By Next Wealth | 28 October 2025 | 7 minute read

Guest post by Alasdair Walker CFP, Managing Director, Optimum Path Financial Planning and co-host of NextWealth’s AI Lab

Over the past year, I’ve had the privilege of hosting the NextWealth AI Lab alongside Heather Hopkins and Chanelle Paynter. AI Lab is a community where financial planners explore use cases for AI.

After a year of listening and telling stories about tech, implementation, and the pros and cons of different approaches, a few lessons stand out. I shared these lessons at the recent CISI financial planning conference with a standing-room-only audience. To give a wider audience access to this learning, Heather asked me to write them up in a blog post.

What Do We Mean by AI?

AI covers everything from rules-based “classic AI” to generative models such as ChatGPT and Copilot. The most exciting developments this year have been attempts to combine the two, resulting in “agent AI” and “research AI”, both are now available in the paid tiers of all the major AI providers.

The aim isn’t to become a technologist but to understand enough to use these tools safely and effectively.

A Surprising Insight – Adoption in Financial Services is Slow

Compared with law and accountancy, our sector has been slower to adopt AI. Other professions already use it for research, document automation and tax analysis. In financial advice, the conversation often starts with: Is it compliant? and Can we trust the output?

These are valid questions, but waiting for perfect answers risks us getting left behind.

Three Things Every Firm Should Know

  1. Your team is already using AI. Tools like Copilot and ChatGPT are finding their way into day-to-day work.
  2. You need an AI policy. If you don’t have one, go write one now. We wrote ours with ChatGPT!
  3. Whatever you do, don’t try and ban AI usage. Encourage safe and thoughtful experimentation with tools that will make your business run more quickly and efficiently.

What Works in Practice

At AI Lab, presenters aren’t allowed to do use case presentations about AI for meeting notes, because we assume that has already been done (if you haven’t started your AI journey yet, this is the perfect place to start).

I shared two stories from opposite ends of the business size spectrum

  • A solo practitioner self-described as “non-techy” used ChatGPT, Google Sheets and email automations to build a virtual PA which booked appointments directly with clients, saving hours each week.
  • A large advice firm used an AI-powered SMS chatbot to re-engage unresponsive leads. Six percent of those “lost” prospects became clients. The real insight here was how willing people are to share deep financial data and opinions with a bot.

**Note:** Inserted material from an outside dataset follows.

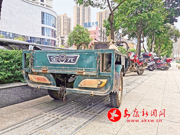 ?6月22日,安康城區江北江華公司消防通道被摩托車占用(圖1),這一區域的人行道盲道也被各種車輛侵占(圖2),存在安全隱患。(記者 潘潤生 攝)
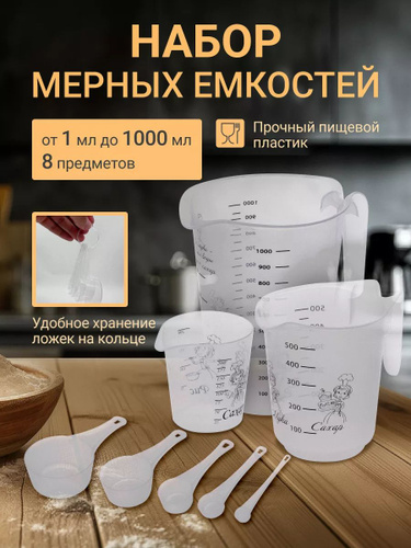 Мерный стакан, графин и ложки, кухонный набор принадлежностей, посуда для кухни, емкости SparkPlast, набор 8 шт., 1000 мл 500 мл 200 мл 100 мл 50 мл 15 мл 5 мл 1 мл.

These aren’t futuristic use cases or sales pitches for a particular solution. Practitioners and experts share practical and business-tested examples of AI making a measurable difference.

How We’re Using It at Optimum Path

At Optimum Path, AI already supports our advice process. Using Copilot GPT-5, we can prepare for meetings by summarising recent client interactions and highlighting key concerns. Copilot often doesn’t feel like it’s working very well, but since GPT-5 was added, it occasionally feels like you’re working with magic.

We’re also doing as much as we can with our meeting notes – we have used Fireflies to develop custom “AI applications” (a fancy term for automated prompts) which allow us to, amongst other things:

  • Produce an objective view on whether clients expressed potential vulnerable circumstances in meetings
  • Assess the financial planner’s performance in meetings – ability to answer questions thoroughly, assessment of client understanding and trust, even whether the planner interrupted the client and how often.
  • Produce compliance-approved ‘ongoing financial planning report’ emails to send to clients immediately following our meetings, delivering high-value outcomes at the best possible time.

These developments are relatively modest, and certainly not perfect, but they are producing meaningful business improvements.

Build or Buy?

Firms face a choice:

  • Build in-house using tools like ChatGPT, Fireflies and Zapier – lower cost but higher complexity. Perfect for firms with ‘techy’ team members who like a challenge
  • Buy turnkey solutions such as Saturn, AdvisoryAI or Aveni (and too many others to provide a full list!) – faster to deploy but more expensive and tied to a developer’s roadmap.

Either can work; the right option depends on resources and strategy.

The Real Challenges

The biggest barrier isn’t technology — it’s people. We have heard many stories at AI lab of members buying the tech and assuming that was the job done. Regardless of the size of firm, your team need training, and the change needs to be managed. Expect to spend £5 on training and change management for every £1 on tech.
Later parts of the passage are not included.